Blue Cross is but the most brazen in terms of the pay and the prominence of the directors. But Harvard Pilgrim Health Care, Tufts Health Plan, and Fallon Community Health Plan are in on the act. Harvard Pilgrim, for example, pays between $22,000 and $68,000 a year for Barry Shemin, the board chairman. Tufts pays between $19,500 and $36,500. Among its board members: strategist Thomas P. O’Neill III and Wheelock College president Jackie Jenkins-Scott.

In contrast, no college or university in Massachusetts pays its board. No hospital pays its board. The health plans, though, say they’re different.

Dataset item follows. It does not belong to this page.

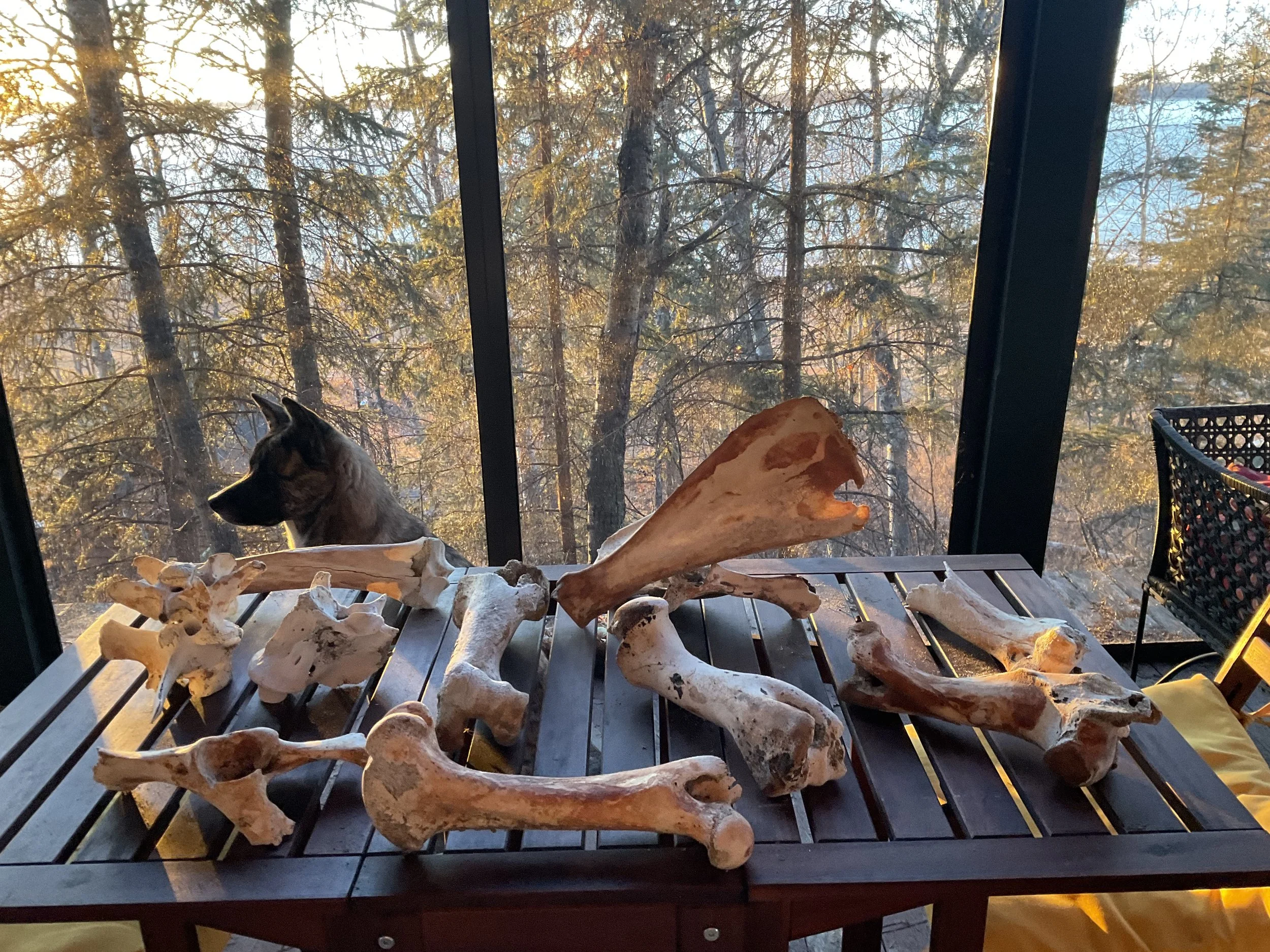 Bone-i-fone is a series of experimental sound objects I developed using materials collected along the alkaline lake near my home in rural Alberta. Each piece begins with a large, salt-bleached bone, often remains from cattle grazing the surrounding grasslands, that has been visibly altered by the lake’s high mineral content. These bones document ecological conditions such as mineral accretion, cyanobacterial presence, and exposure to fluctuating water levels.
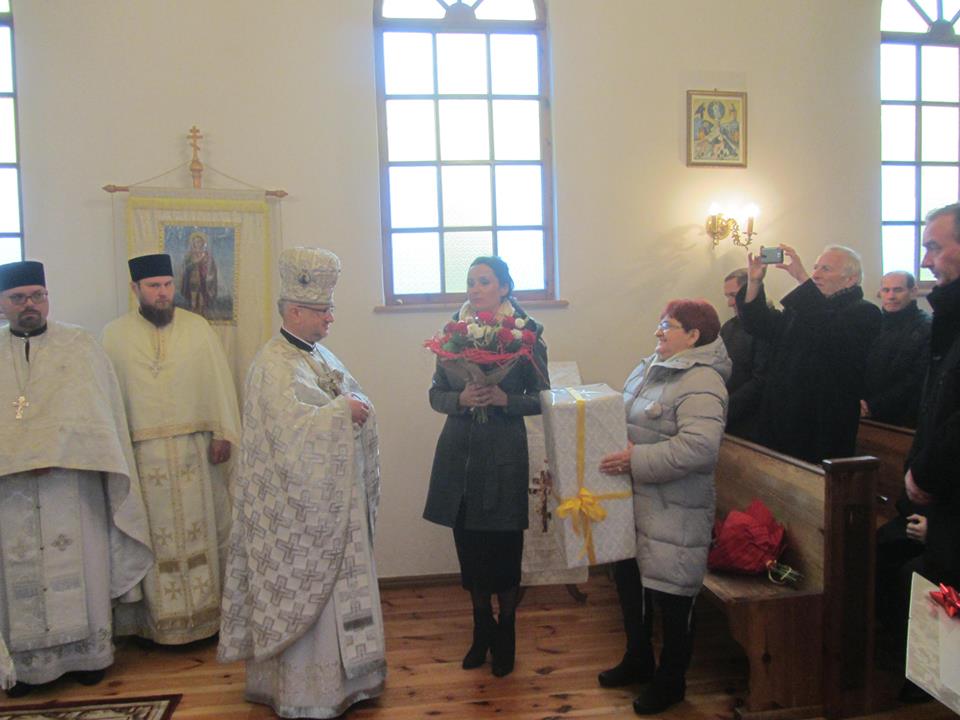 Na zakończenie ks. Stanisław Strach w imieniu zebranego duchowieństwa podziękował ks. Dariuszowi za zaproszenie oraz 30 lat posługi kapłańskiej. Następnie kwiaty oraz prezent wręczyła wójt gminy Nowa Sól pani Izabela Bojko, życząc łaski Bożej oraz dalszych sukcesów w pracy duszpasterskiej. Z życzeniami zwrócił się także zastępca burmistrza Szprotawy pan Paweł Chylak. Również parafianie lipińskiej i kożuchowskiej cerkwi wręczyli o. Dariuszowi kwiaty i prezent, szczerze dziękując za wieloletni trud, wyrozumiałość i poświęcenie jakimi cechował się w swojej posłudze. Od zebranego duchowieństwa ks. Ciołka otrzymał wyszywany, biały epitrachelion z życzeniami wytrwałości w trudach kapłańskiej służby oraz pióro mające pomóc w jego dalszej karierze naukowej. Całość uroczystości zwieńczyło gromkie Mnohaja lita dla wszystkich zebranych.

“We compete for directors with other large similar-sized companies in Massachusetts, which pay their directors,’’ said Jay McQuaide, a Blue Cross spokesman. “Paying compensation allows us to attract and retain the highly skilled and savvy professionals that we need.’’

Skilled and savvy? They gave departing CEO Cleve Killingsworth, a guy deemed not worthy of the job, $11 million — the equivalent of $500 from 22,000 members.

Therein lies the problem with boards. They’re supposed to provide oversight, but too often it’s the same people tossing money at each other to serve on the boards of each other’s companies, the operative word always being, “Yes!’’

Enter Coakley. Two years ago, her investigators were looking at the obscene pay package given to departing Blue Cross CEO William Van Faasen when they took note of director pay. The AG’s office has forcefully asked each provider to justify it, and so far, according to one official, Coakley is not happy with the answers.